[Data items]
►

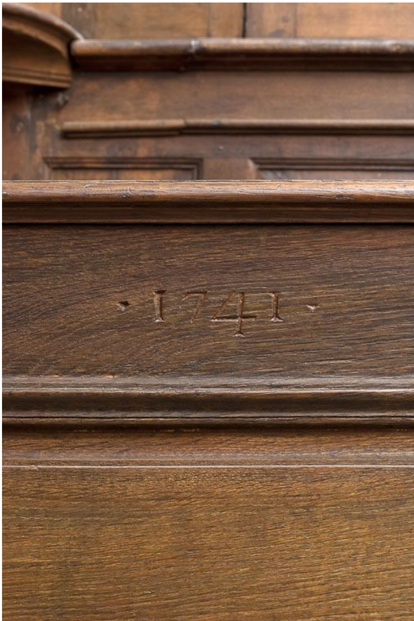
Détail de la date du pupitre du banc de chœur droit. 21, Volnay
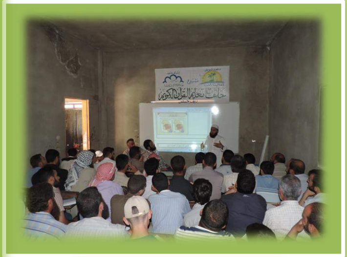
أثناء تقديم المستوى الأول
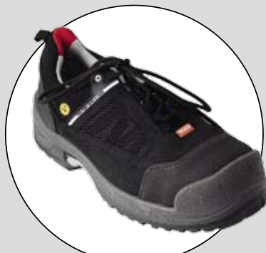
JALAS ZENIT (EJENDALS)

Betygen på respektive testfaktor är ett medelvärde av testpiloternas betyg. Slutbetyget är en helhetsbedömning som sätts av redaktionen. Där vägs kommentarer in.
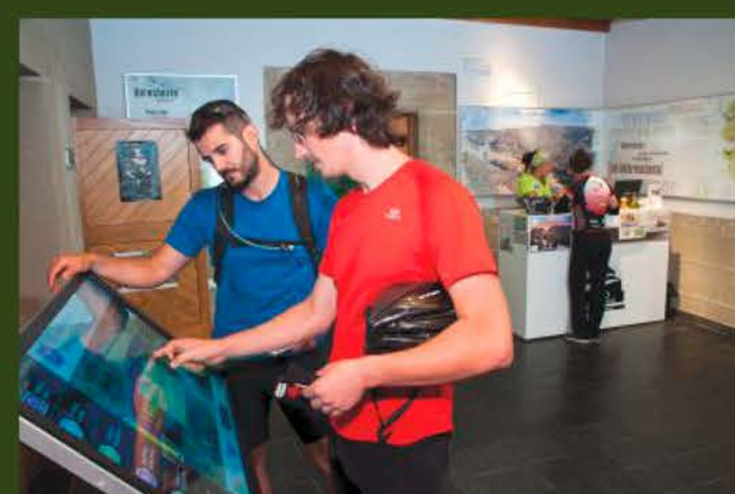
Centro de interpretación Parque Natural Tajo Internacional
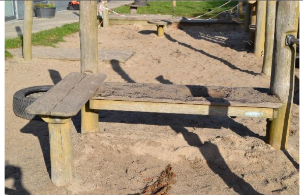
Redskab: Sandbord Årgang: 2017 Producent: Kompan Er redskabet mærket: Ja Er der registreret fejl/mangler: Nej
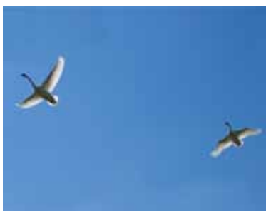
Svaner ved Halkær Sø

Ved de fleste banestier er der gode lokale informationer. Nogle af plancherne er gengivet ved beskrivelsen af banestierne.
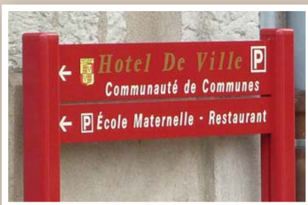
Une nouvelle signalétique sur la commune - page 7
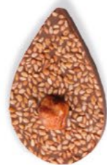
GRAINE DE JULIETTE Chocolat au lait 35% de cacao, sésame, noisette caramélisée

◄

§ **Work item**
The copy should hold exactly the lines from the line containing "Redskab: Sandbord Årgang: 2017" through the last line of the records, both included, and no pictures or other lines.

§ **Written answer**
Redskab: Sandbord Årgang: 2017 Producent: Kompan Er redskabet mærket: Ja Er der registreret fejl/mangler: Nej
Svaner ved Halkær Sø

Ved de fleste banestier er der gode lokale informationer. Nogle af plancherne er gengivet ved beskrivelsen af banestierne.
Une nouvelle signalétique sur la commune - page 7
GRAINE DE JULIETTE Chocolat au lait 35% de cacao, sésame, noisette caramélisée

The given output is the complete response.